▸ Task statement
Each line below is to be repeated exactly; any picture is to be left out.

Dataset records

★ ★ ★ ★ ★ ★ ★

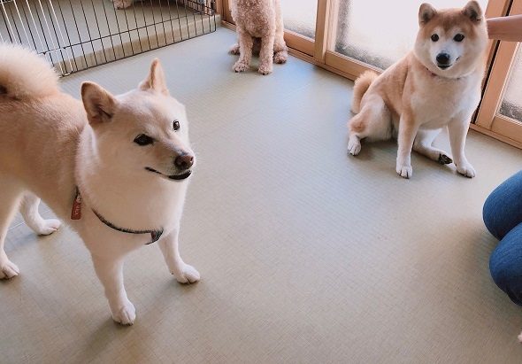 マイペースな柴ちゃんたち。左の子は、これからお外!?みたいな期待の眼差しで(笑)
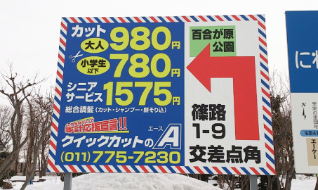 広告としての看板、道案内をする誘導看板など、場所や目的によってもデザインや素材、施工方法が変わってきます。
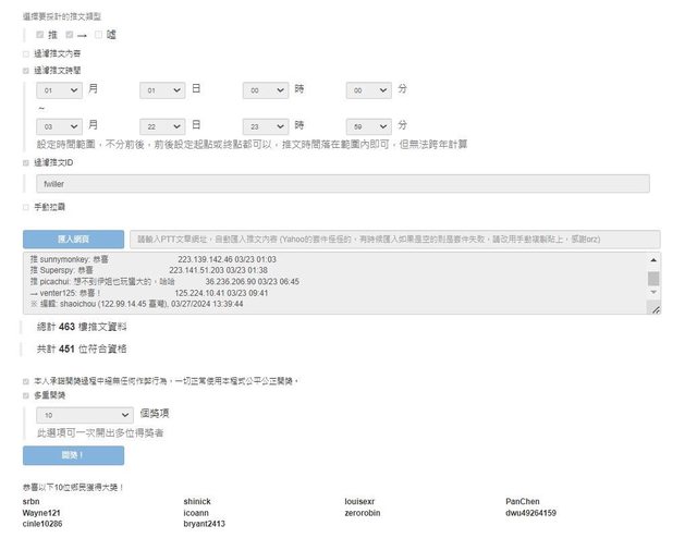 恭喜以上十位
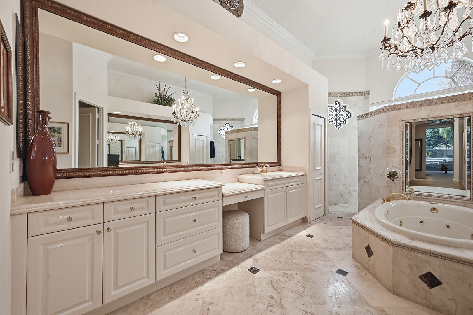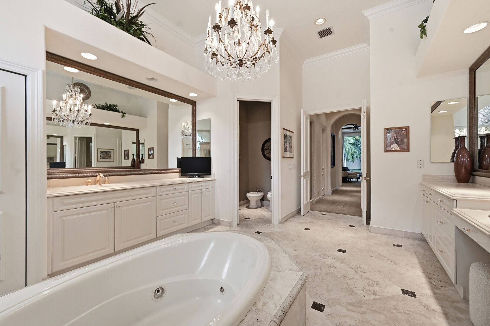 Baseboards Wall, Bidet, Crown Molding, Drywall, Full Bathroom, High Ceiling, Marble Finish Floor, Natural Light, Notable Chandelier, Recessed Lighting, Two Single Vanities, Vanity, Vent, Water Closet, Crown Molding, Natural Light, Notable Chandelier
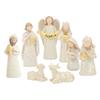 Разнообразные декоративные стили: В этот набор входят различные фигурки, изображающие сцену Рождества Иисуса в яслях, каждая разного размера.. Эти статуэтки предлагают универсальные декоративные возможности, добавляя неповторимый шарм сервировке стола или любой выставочной зоне.

★ ★ ★ ★ ★ ★ ★

▸ Response to the exercise
 マイペースな柴ちゃんたち。左の子は、これからお外!?みたいな期待の眼差しで(笑)
 広告としての看板、道案内をする誘導看板など、場所や目的によってもデザインや素材、施工方法が変わってきます。
 恭喜以上十位
 Baseboards Wall, Bidet, Crown Molding, Drywall, Full Bathroom, High Ceiling, Marble Finish Floor, Natural Light, Notable Chandelier, Recessed Lighting, Two Single Vanities, Vanity, Vent, Water Closet, Crown Molding, Natural Light, Notable Chandelier
 Разнообразные декоративные стили: В этот набор входят различные фигурки, изображающие сцену Рождества Иисуса в яслях, каждая разного размера.. Эти статуэтки предлагают универсальные декоративные возможности, добавляя неповторимый шарм сервировке стола или любой выставочной зоне.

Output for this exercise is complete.